Вообще, так никогда не бывает, чтобы автор мыслил, а после этого внутренний его художник начинал писать. Всегда бывает наоборот. Всегда художник, тот вампир, который внутри нас сидит, – об этом мы сейчас подробно поговорим, – он всегда чувствует недостаточность прежних художественных средств, а философию он подбивает под них потом. Точно так же Пушкин, приходя к «каменноостровскому циклу», под эволюцию своего стиля, под эволюцию своих жанров подгонял свое мировоззрение и не успел закончить этой работы. Пушкин не умер государственником, Пушкин умер религиозным поэтом, а религиозный поэт, естественно, мыслит иначе.

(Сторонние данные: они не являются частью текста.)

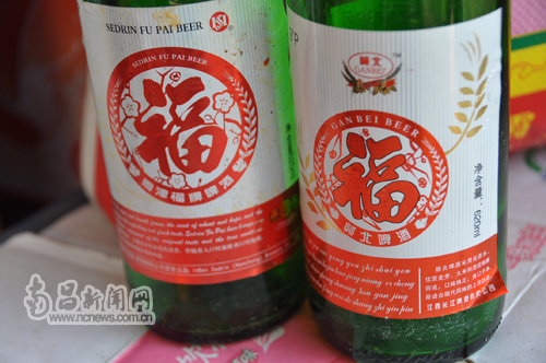 11月24日下午,記者隨即對(duì)王先生反映的情況進(jìn)行了調(diào)查。在新建縣樂(lè)化鎮(zhèn)的江橋、樂(lè)化兩地,記者在許多家超市內(nèi)看到,這里賣(mài)的“福牌”啤酒標(biāo)簽上的“福”,與雪津福牌啤酒的“福”字字體幾乎一模一樣,若不仔細(xì)辨別很難分得清。由于生產(chǎn)廠(chǎng)家的字體印刷非常小,標(biāo)簽上的廠(chǎng)家也需認(rèn)真查找,且很模糊。經(jīng)仔細(xì)辨認(rèn),生產(chǎn)廠(chǎng)家是“江西長(zhǎng)江啤酒有限公司”,和“鄱陽(yáng)縣福陽(yáng)啤酒有限公司”

Вот здесь, на мой взгляд, телега была поставлена впереди лошади. Мыслитель в некотором смысле опередил художника. Потому что стилистически Пелевин остался прежним. У него и так было очень много рассуждений, была всегда тяга превратить роман в трактат, всегда было общение учителя и ученика, всегда были прекрасные уколы точности, афоризмы, издевательские описания, всегда недоставало пластики и всегда недоставало эмоций. Никакого стилистического рывка в «Священной книге оборотня» не происходит, не происходит его и потом в романе о Толстом. А вот эмоциональный и философский рывок, да, он произошел. Вместо доминирующей интонации ностальгии, сострадания, несколько высокомерной, но все-таки жалости, появилась интонация тотального презрения, тотальной ненависти, причем ненависти брюзгливой, ненависти к самому проекту «человек».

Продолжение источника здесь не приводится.